■ Work request: The entries that follow must be given again exactly, with no pictures kept.

■ Records for processing:
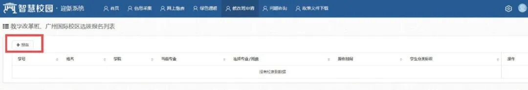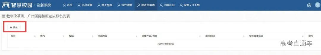 完成基本信息采集后,本科新生可以在迎新系统“教改班申请”>“报名”,进行教学改革班、广州国际校区选拔报名。
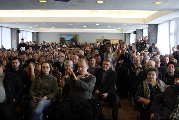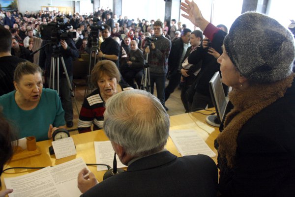 Причем, как оказалось, далеко не все понимали, ради какого вопроса люди собрались на слушания. Многие считали, что они идут голосовать "за" или "против" какого бы то ни было строительства вообще. Депутат горсовета Ольга Залецкая попыталась прояснить этот момент и напомнила всем, что на обсуждение ставится увеличения высоты застройки с 17 до 41,5 метра и площадь на 50%. Однако ни о каком проекте говорить нельзя, поскольку, несмотря на заверения компании-застройщика, не проводилось никаких экспертиз, ни один специалист не давал своего заключения, ни экологического, ни исторического, ни какого либо иного. Заодно она сообщила, что многие пришли голосовать только потому, что им обещали за это по 400 рублей. Что, естественно, вызвало возмущение тех, кто пришел голосовать в пользу застройки по собственной воле - не ради компании, а против уродливого пустыря.
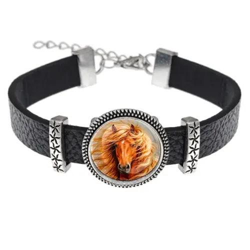 Кожаный браслет с декоративным элементом в виде лошади под стеклянной линзой.
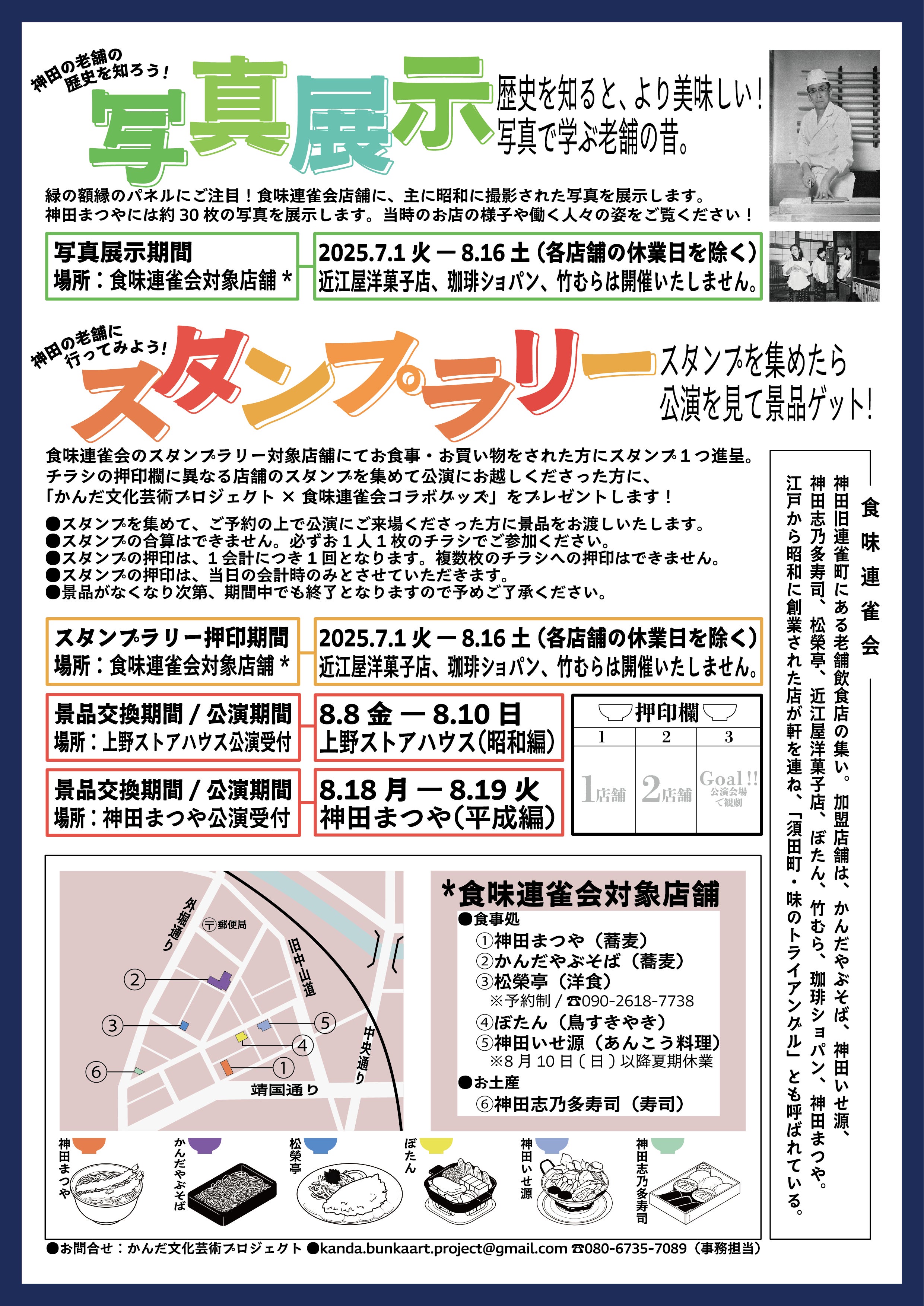 また、かんだ文化芸術プロジェクトは今回の公演に向けて、スタンプラリーや写真展示のイベントを開催します。私たちは、それらのイベントを一緒に盛り上げたい!そして食味連雀会店舗の魅力を発信するための一翼を担いたい!という思いから、イベント期間中に利用できるクラウドファンディング限定のリターンを用意いたしました。
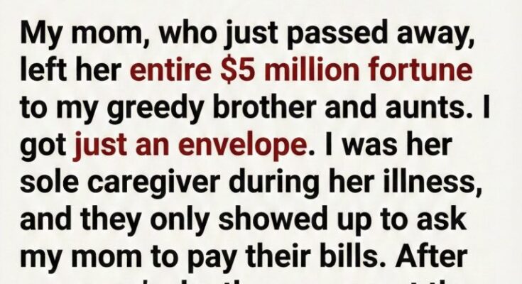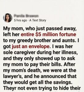 My breath hitched. A wave of nausea washed over me. Just this? After all these years? All the sacrifices, all the unspoken longing for her affection? My siblings exchanged uncomfortable glances. They knew our relationship had always been strained, distant. But this felt like a final, definitive declaration of my place in her heart: an afterthought, barely worth the paper this envelope was made from.
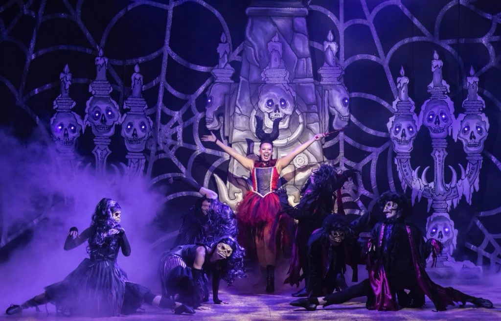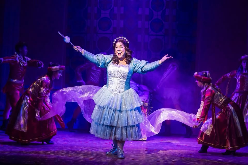Aurora is of course joined by a protective fairy, played by a delightfully twinkly Jennie Dale, the dashing love interest Prince Michael, played quite humbly and gently by Christian Mortimer, and countered beautifully by the swaggering, smirking but very fabulous Jocasta Almgill as the meanie curse-caster, Carabosse. And the ensemble are a happy bunch perfectly pitched for panto season, making light work of Hayley Del Harrison’s energised choreography and generally working very hard to keep energy and panto pomp high. It definitely fits the bill for fun, family-friendly festive entertainment!
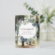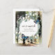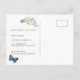 Cette carte postale fantaisiste et élégante de changement d'adresse ou d'annonce de déménagement présente une couronne de fleurs blanches et de feuillages verts avec des papillons bleus sur un fond de forêt enchantée. Personnalisez-la selon vos besoins. Vous pouvez trouver des produits assortis dans ma boutique.

■ Result of this exercise:
 完成基本信息采集后,本科新生可以在迎新系统“教改班申请”>“报名”,进行教学改革班、广州国际校区选拔报名。
 Причем, как оказалось, далеко не все понимали, ради какого вопроса люди собрались на слушания. Многие считали, что они идут голосовать "за" или "против" какого бы то ни было строительства вообще. Депутат горсовета Ольга Залецкая попыталась прояснить этот момент и напомнила всем, что на обсуждение ставится увеличения высоты застройки с 17 до 41,5 метра и площадь на 50%. Однако ни о каком проекте говорить нельзя, поскольку, несмотря на заверения компании-застройщика, не проводилось никаких экспертиз, ни один специалист не давал своего заключения, ни экологического, ни исторического, ни какого либо иного. Заодно она сообщила, что многие пришли голосовать только потому, что им обещали за это по 400 рублей. Что, естественно, вызвало возмущение тех, кто пришел голосовать в пользу застройки по собственной воле - не ради компании, а против уродливого пустыря.
 Кожаный браслет с декоративным элементом в виде лошади под стеклянной линзой.
 また、かんだ文化芸術プロジェクトは今回の公演に向けて、スタンプラリーや写真展示のイベントを開催します。私たちは、それらのイベントを一緒に盛り上げたい!そして食味連雀会店舗の魅力を発信するための一翼を担いたい!という思いから、イベント期間中に利用できるクラウドファンディング限定のリターンを用意いたしました。
 My breath hitched. A wave of nausea washed over me. Just this? After all these years? All the sacrifices, all the unspoken longing for her affection? My siblings exchanged uncomfortable glances. They knew our relationship had always been strained, distant. But this felt like a final, definitive declaration of my place in her heart: an afterthought, barely worth the paper this envelope was made from.
Aurora is of course joined by a protective fairy, played by a delightfully twinkly Jennie Dale, the dashing love interest Prince Michael, played quite humbly and gently by Christian Mortimer, and countered beautifully by the swaggering, smirking but very fabulous Jocasta Almgill as the meanie curse-caster, Carabosse. And the ensemble are a happy bunch perfectly pitched for panto season, making light work of Hayley Del Harrison’s energised choreography and generally working very hard to keep energy and panto pomp high. It definitely fits the bill for fun, family-friendly festive entertainment!
 Cette carte postale fantaisiste et élégante de changement d'adresse ou d'annonce de déménagement présente une couronne de fleurs blanches et de feuillages verts avec des papillons bleus sur un fond de forêt enchantée. Personnalisez-la selon vos besoins. Vous pouvez trouver des produits assortis dans ma boutique.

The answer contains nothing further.